WHAT YOU ARE ASKED TO DO
Before copying, find the line below that contains "- PC 여러 개, 각"; then return it and all later lines exactly, up to and including the final line, with no pictures.
INFORMATION PROVIDED Start Marker
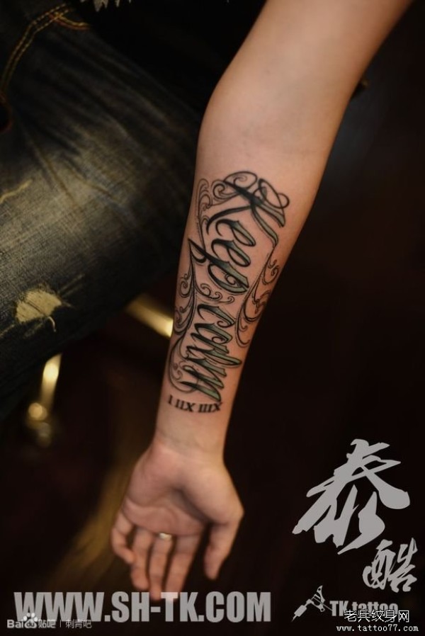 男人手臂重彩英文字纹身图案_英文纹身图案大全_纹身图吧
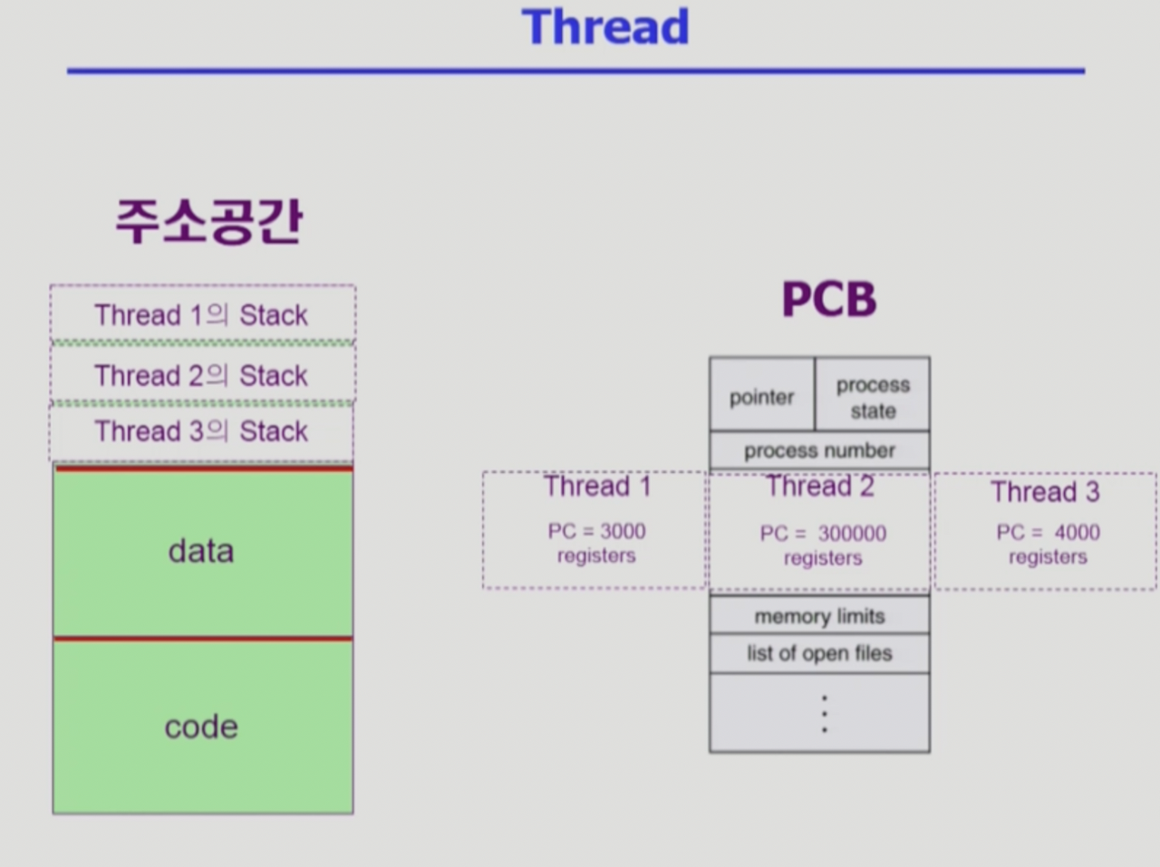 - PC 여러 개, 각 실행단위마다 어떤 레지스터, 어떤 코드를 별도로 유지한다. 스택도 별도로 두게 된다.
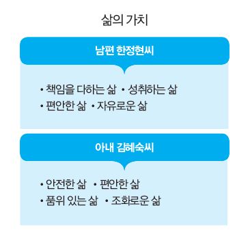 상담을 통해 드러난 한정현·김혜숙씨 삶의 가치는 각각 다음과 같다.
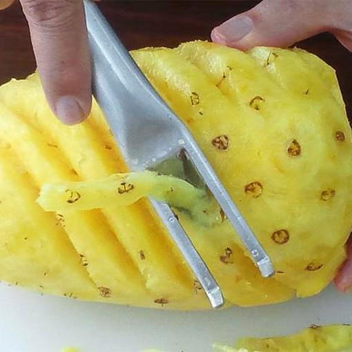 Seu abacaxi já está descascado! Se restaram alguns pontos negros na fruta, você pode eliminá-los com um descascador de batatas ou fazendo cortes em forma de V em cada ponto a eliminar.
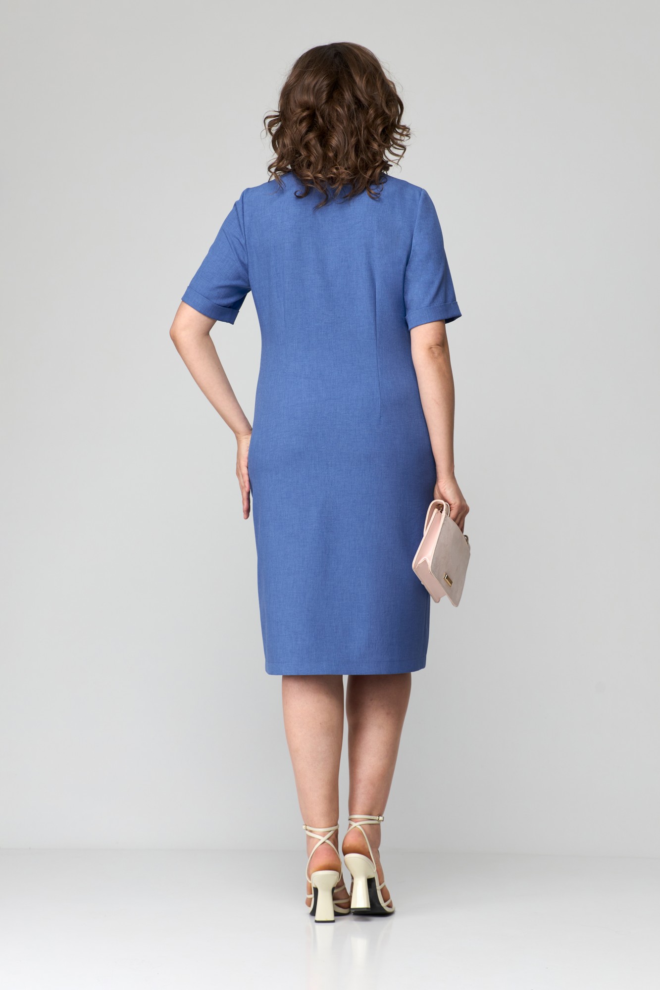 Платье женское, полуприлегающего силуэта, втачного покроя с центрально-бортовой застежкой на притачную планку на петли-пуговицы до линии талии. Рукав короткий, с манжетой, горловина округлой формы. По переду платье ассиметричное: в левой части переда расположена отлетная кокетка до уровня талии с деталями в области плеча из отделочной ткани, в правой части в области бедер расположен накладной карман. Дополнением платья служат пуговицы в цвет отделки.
INFORMATION PROVIDED End Marker
EXPECTED ANSWER
 - PC 여러 개, 각 실행단위마다 어떤 레지스터, 어떤 코드를 별도로 유지한다. 스택도 별도로 두게 된다.
 상담을 통해 드러난 한정현·김혜숙씨 삶의 가치는 각각 다음과 같다.
 Seu abacaxi já está descascado! Se restaram alguns pontos negros na fruta, você pode eliminá-los com um descascador de batatas ou fazendo cortes em forma de V em cada ponto a eliminar.
 Платье женское, полуприлегающего силуэта, втачного покроя с центрально-бортовой застежкой на притачную планку на петли-пуговицы до линии талии. Рукав короткий, с манжетой, горловина округлой формы. По переду платье ассиметричное: в левой части переда расположена отлетная кокетка до уровня талии с деталями в области плеча из отделочной ткани, в правой части в области бедер расположен накладной карман. Дополнением платья служат пуговицы в цвет отделки.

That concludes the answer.